# Exercise input
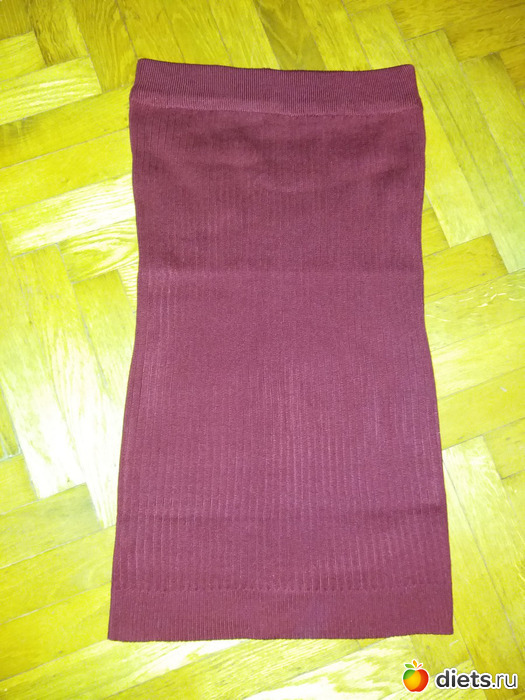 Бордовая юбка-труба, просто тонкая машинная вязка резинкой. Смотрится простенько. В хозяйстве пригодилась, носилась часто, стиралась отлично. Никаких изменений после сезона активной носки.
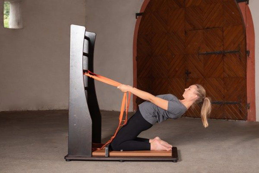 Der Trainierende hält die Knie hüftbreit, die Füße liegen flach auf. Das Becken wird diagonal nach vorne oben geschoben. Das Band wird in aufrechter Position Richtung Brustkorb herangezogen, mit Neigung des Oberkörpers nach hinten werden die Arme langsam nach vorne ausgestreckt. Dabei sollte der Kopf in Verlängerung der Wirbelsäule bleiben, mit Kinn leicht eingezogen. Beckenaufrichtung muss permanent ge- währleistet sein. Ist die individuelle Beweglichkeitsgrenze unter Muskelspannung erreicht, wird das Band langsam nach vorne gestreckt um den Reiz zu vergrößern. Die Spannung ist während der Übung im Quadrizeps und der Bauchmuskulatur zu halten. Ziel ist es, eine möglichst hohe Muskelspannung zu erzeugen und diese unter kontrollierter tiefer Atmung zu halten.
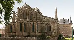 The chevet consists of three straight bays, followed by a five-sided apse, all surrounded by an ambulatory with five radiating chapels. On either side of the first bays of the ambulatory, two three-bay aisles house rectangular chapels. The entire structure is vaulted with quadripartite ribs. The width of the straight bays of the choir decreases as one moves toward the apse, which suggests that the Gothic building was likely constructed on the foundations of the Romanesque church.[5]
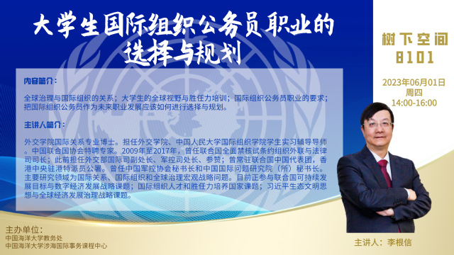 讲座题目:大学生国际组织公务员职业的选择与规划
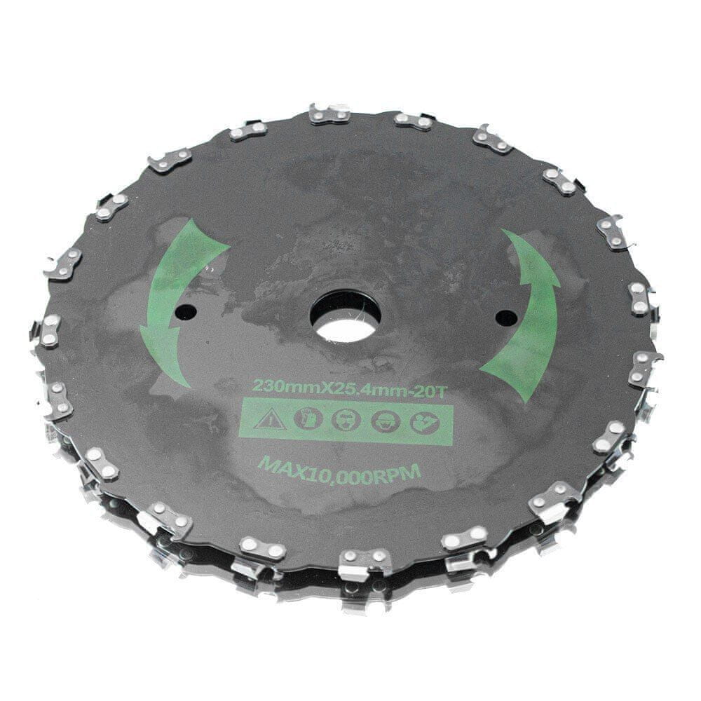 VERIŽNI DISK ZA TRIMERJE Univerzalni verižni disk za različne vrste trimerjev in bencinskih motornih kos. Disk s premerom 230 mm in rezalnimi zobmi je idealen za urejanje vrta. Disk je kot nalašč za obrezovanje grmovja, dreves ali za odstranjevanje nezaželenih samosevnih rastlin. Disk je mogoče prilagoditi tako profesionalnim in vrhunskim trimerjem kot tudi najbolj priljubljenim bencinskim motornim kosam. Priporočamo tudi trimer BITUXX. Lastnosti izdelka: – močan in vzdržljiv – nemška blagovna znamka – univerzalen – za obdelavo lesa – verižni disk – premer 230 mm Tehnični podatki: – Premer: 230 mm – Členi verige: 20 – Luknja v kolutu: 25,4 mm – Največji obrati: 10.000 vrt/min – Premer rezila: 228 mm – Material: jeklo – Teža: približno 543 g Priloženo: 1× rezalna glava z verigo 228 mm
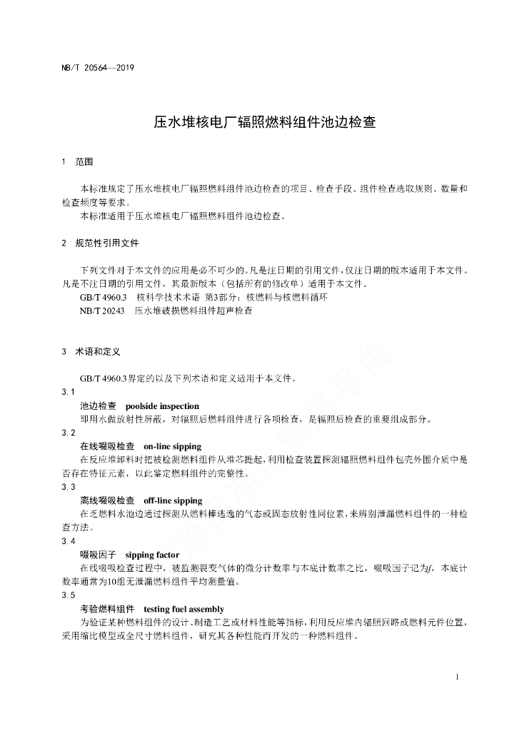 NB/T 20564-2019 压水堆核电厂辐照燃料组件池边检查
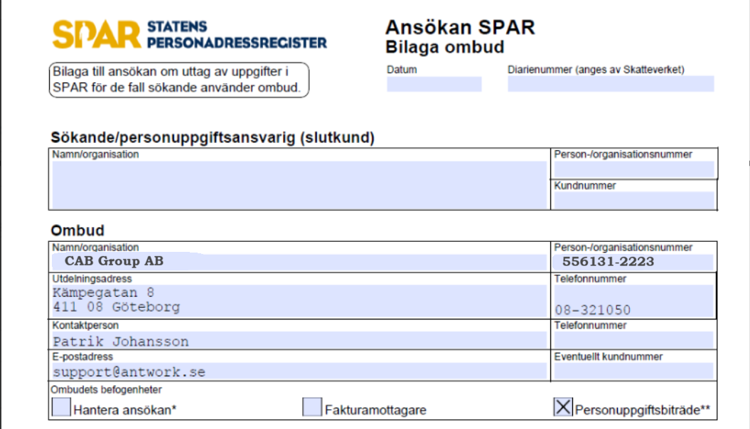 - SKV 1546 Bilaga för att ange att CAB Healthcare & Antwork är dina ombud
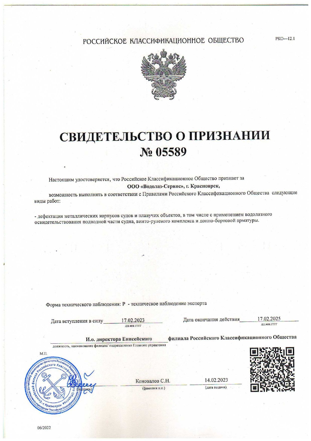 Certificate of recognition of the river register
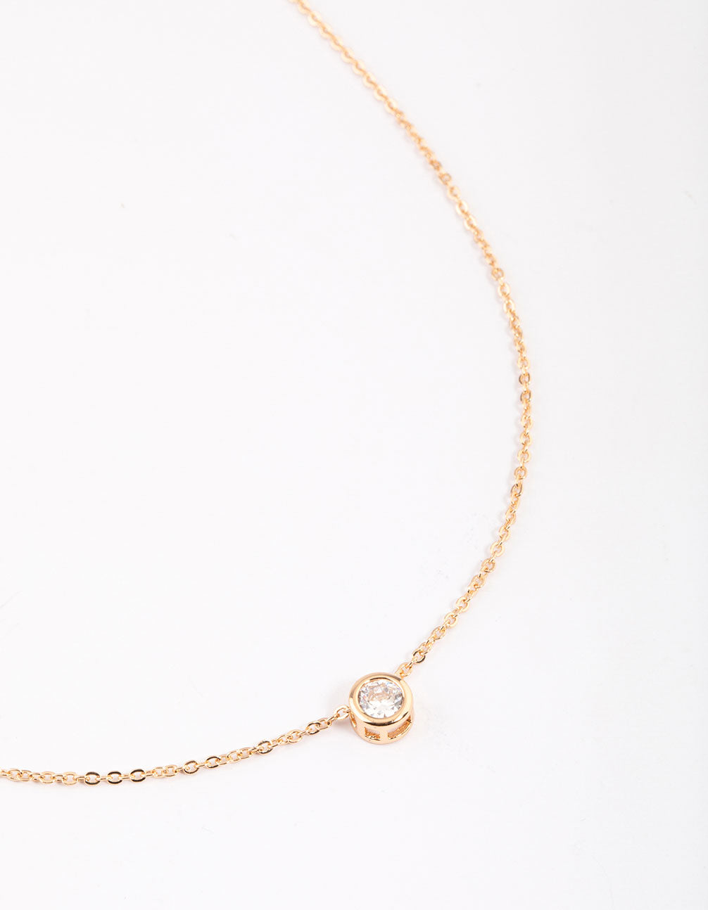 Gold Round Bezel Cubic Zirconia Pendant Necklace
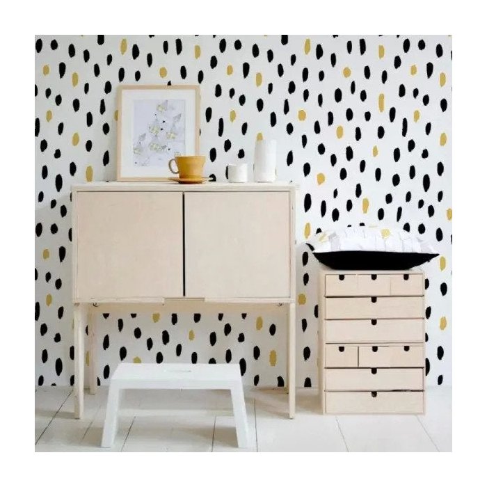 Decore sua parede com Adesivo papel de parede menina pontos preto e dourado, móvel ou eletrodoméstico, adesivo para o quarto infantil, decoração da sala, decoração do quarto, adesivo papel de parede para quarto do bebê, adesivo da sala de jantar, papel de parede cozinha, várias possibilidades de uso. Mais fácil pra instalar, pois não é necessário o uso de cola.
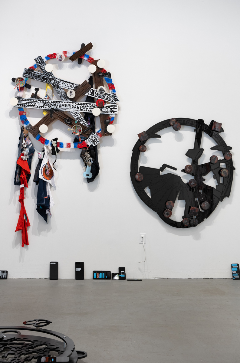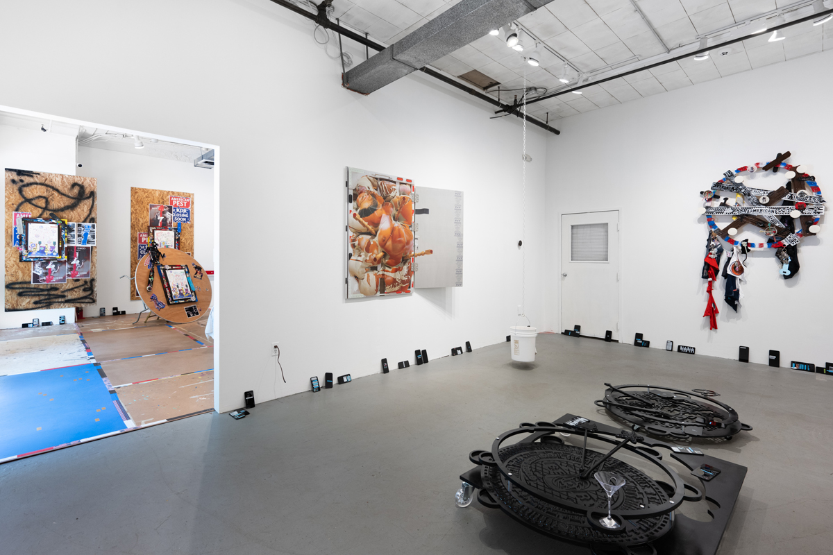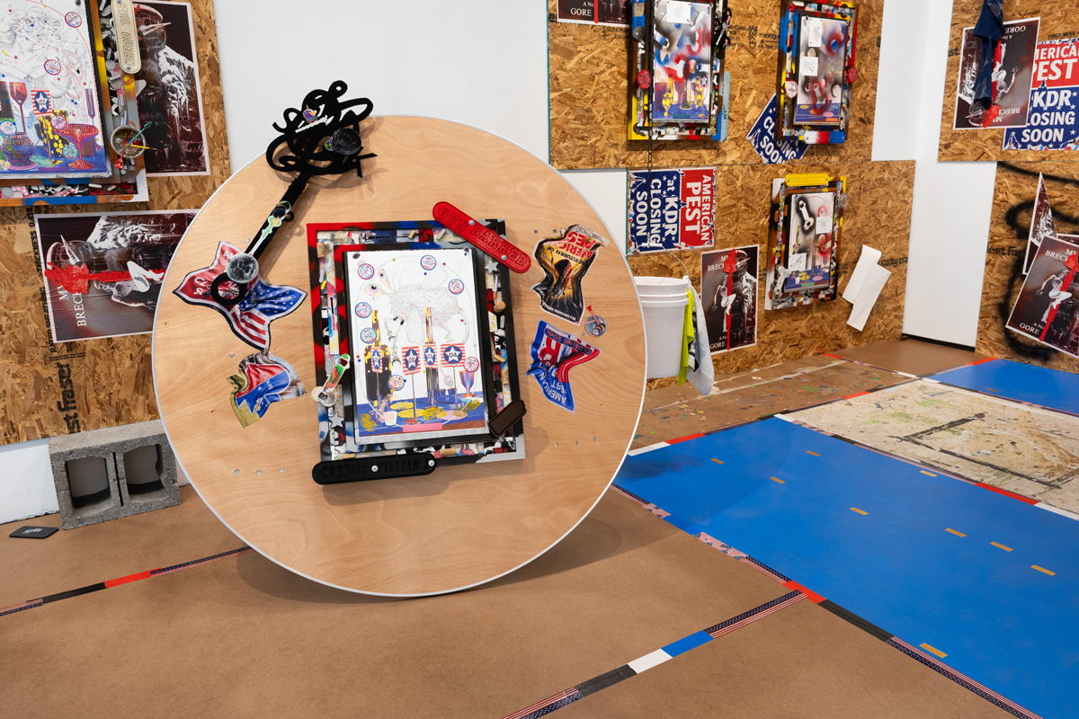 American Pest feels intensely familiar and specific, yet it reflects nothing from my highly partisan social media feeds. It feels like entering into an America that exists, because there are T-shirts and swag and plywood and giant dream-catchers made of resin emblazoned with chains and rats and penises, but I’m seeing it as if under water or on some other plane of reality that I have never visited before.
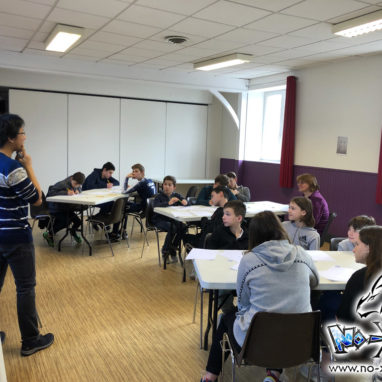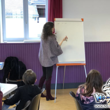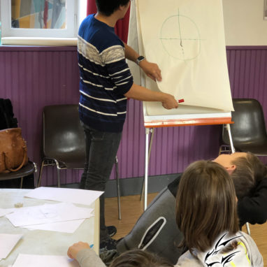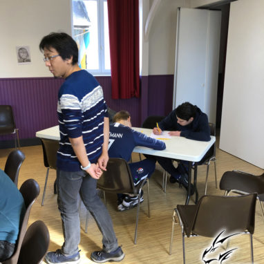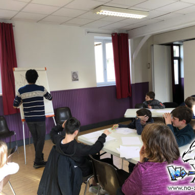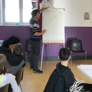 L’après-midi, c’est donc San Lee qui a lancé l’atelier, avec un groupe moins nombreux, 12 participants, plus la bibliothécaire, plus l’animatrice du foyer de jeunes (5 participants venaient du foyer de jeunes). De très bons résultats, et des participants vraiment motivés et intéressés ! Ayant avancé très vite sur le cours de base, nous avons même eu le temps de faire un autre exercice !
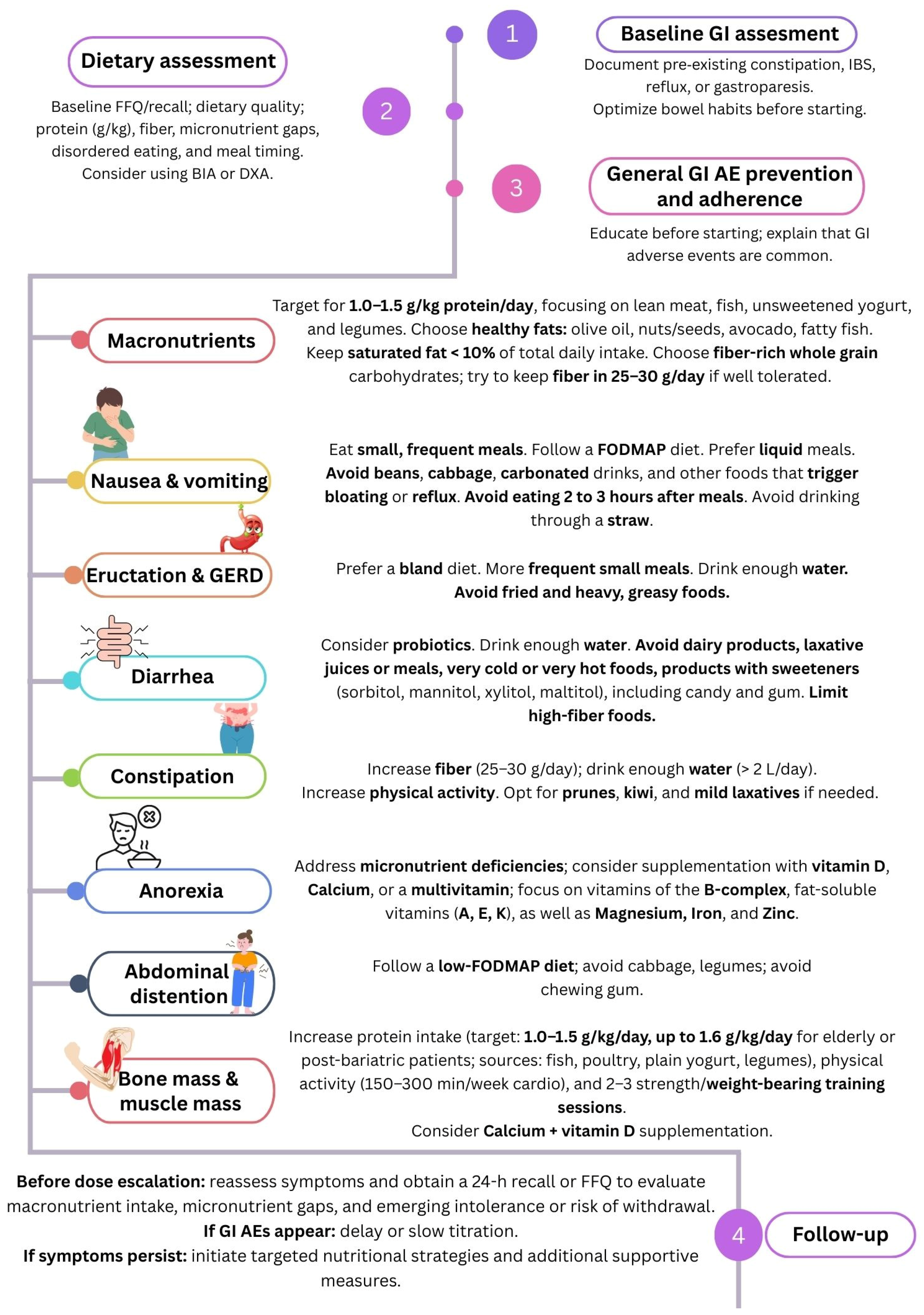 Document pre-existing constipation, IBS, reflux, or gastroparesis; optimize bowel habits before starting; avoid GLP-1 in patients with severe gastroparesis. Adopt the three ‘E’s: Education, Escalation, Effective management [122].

# Task directions
When you reach the line that has "讲座题目:大学生国际组织公务员职业的选择与规划" in the data above, start repeating lines exactly, and stop after the line that has "VERIŽNI DISK ZA TRIMERJE"; pictures stay out.

# Output for this exercise
 讲座题目:大学生国际组织公务员职业的选择与规划
 VERIŽNI DISK ZA TRIMERJE Univerzalni verižni disk za različne vrste trimerjev in bencinskih motornih kos. Disk s premerom 230 mm in rezalnimi zobmi je idealen za urejanje vrta. Disk je kot nalašč za obrezovanje grmovja, dreves ali za odstranjevanje nezaželenih samosevnih rastlin. Disk je mogoče prilagoditi tako profesionalnim in vrhunskim trimerjem kot tudi najbolj priljubljenim bencinskim motornim kosam. Priporočamo tudi trimer BITUXX. Lastnosti izdelka: – močan in vzdržljiv – nemška blagovna znamka – univerzalen – za obdelavo lesa – verižni disk – premer 230 mm Tehnični podatki: – Premer: 230 mm – Členi verige: 20 – Luknja v kolutu: 25,4 mm – Največji obrati: 10.000 vrt/min – Premer rezila: 228 mm – Material: jeklo – Teža: približno 543 g Priloženo: 1× rezalna glava z verigo 228 mm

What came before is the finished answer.